When long Japan yields start acting crazy, funding gets tighter.
And when funding gets tighter, leverage starts to break.
2) Gold ATH
Gold doesn't lead when everyone feels safe.
Gold leads when TRUST is fading.
It's not a trade, it's a message.
3) Silver ATH
Silver is not the "cute version" of gold.
Silver is the panic button.
When silver rips like this, it usually means fear is spreading fast.
Now connect the dots.
Japan is the cheap money hub.
People borrow yen because it's cheap, then they buy everything else.
Stocks, credit, crypto, everything.
So when Japan's long end starts moving, that whole trade gets weaker.
And when that trade gets weaker, people are forced to close.
They sell what they can, not what they want.
At the same time, gold and silver ripping means protection is getting bought.
Not because people are excited.
Because someone is scared.
That's why this setup is so dangerous.
It looks like "risk on".
But under the surface, it's risk getting pulled off the table.
And I've seen this movie before.
First, the bond market starts acting weird.
Then, metals lead.
Then, the forced selling shows up out of nowhere.
Most people will call it "random".
Then they get liquidated.
This is not about one headline.
This is about FLOWS and collateral.
And when that flips, it doesn't give you time.
🚨 THE MARKET IS PRICING SOMETHING REALLY BAD!!
- GOLD: NEW ATH ~$5,100
- SILVER: NEW ATH ~$110
That's how markets price TOTAL uncertainty.
And this shutdown story is the exact trigger.
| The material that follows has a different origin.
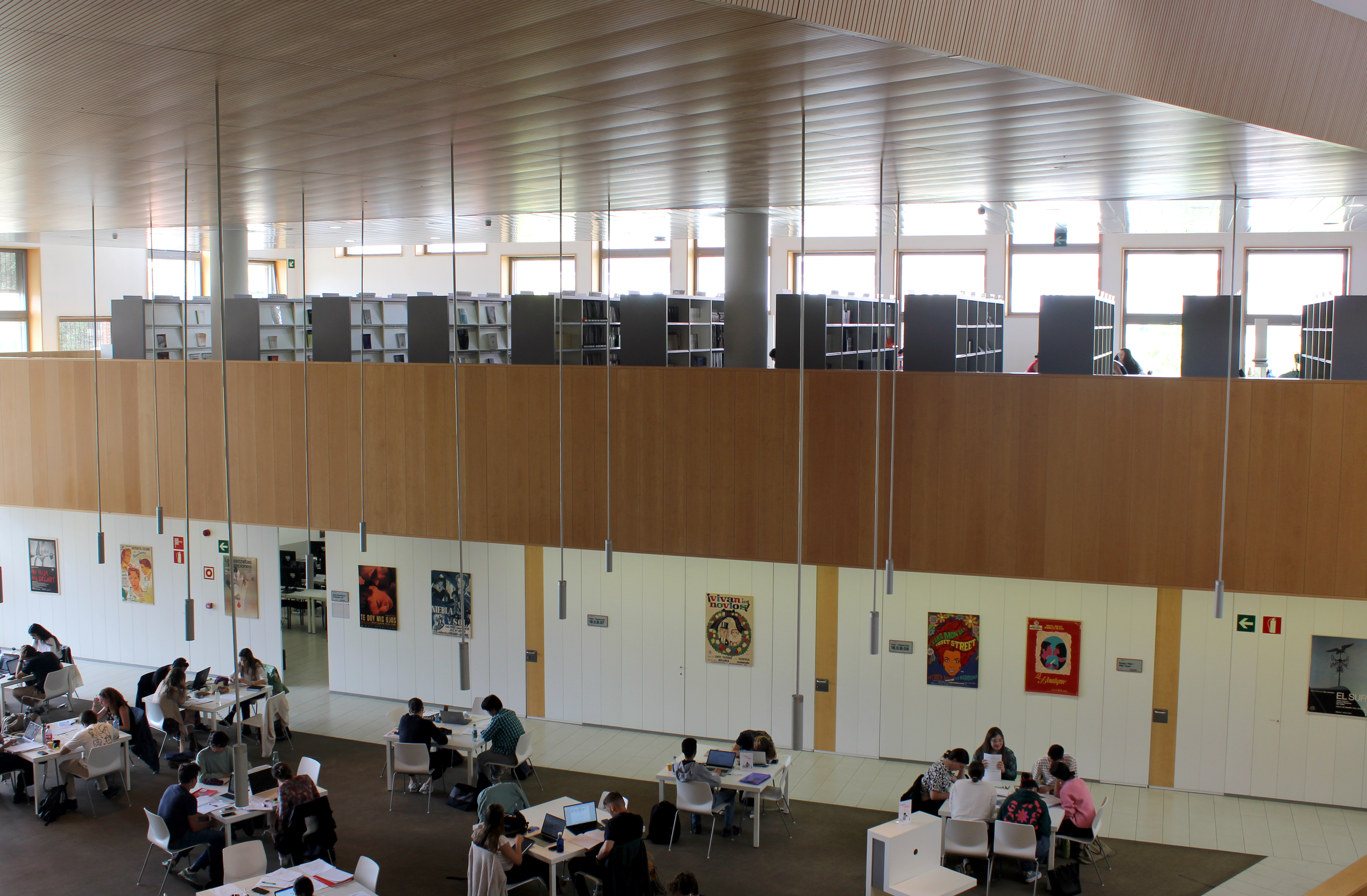 vista de sala de trabajo en grupo con estudiantes. Vista estanterías de fondo especializado. Biblioteca Humanidades getafe

The US government shutdown deadline is January 31.
Polymarket is pricing an 80% chance of another shutdown by January 31.
And now the market is finally reacting.
Gold already jumped around $100 on the shutdown headlines.
Silver is following.
Let me explain this in simple words.
A shutdown is pure uncertainty.
Uncertainty kills confidence.
And when confidence breaks, money runs to “safe” first.
That is why GOLD pumps.
That is why SILVER pumps even harder.
Because a shutdown is not just “politics”.
- Paychecks get delayed.
- Contracts get delayed.
- Approvals get delayed.
- Economic data gets delayed.
Everything slows down from headlines alone.
And when growth slows, the next move is always the same.
- Liquidity gets thin.
- Bonds get jumpy.
- Yields whip around.
Then the safe trade shows up.
Gold gets the bid.
Silver follows with leverage.
People wait for the headline.
But markets move before the headline.
That is what you are watching right now.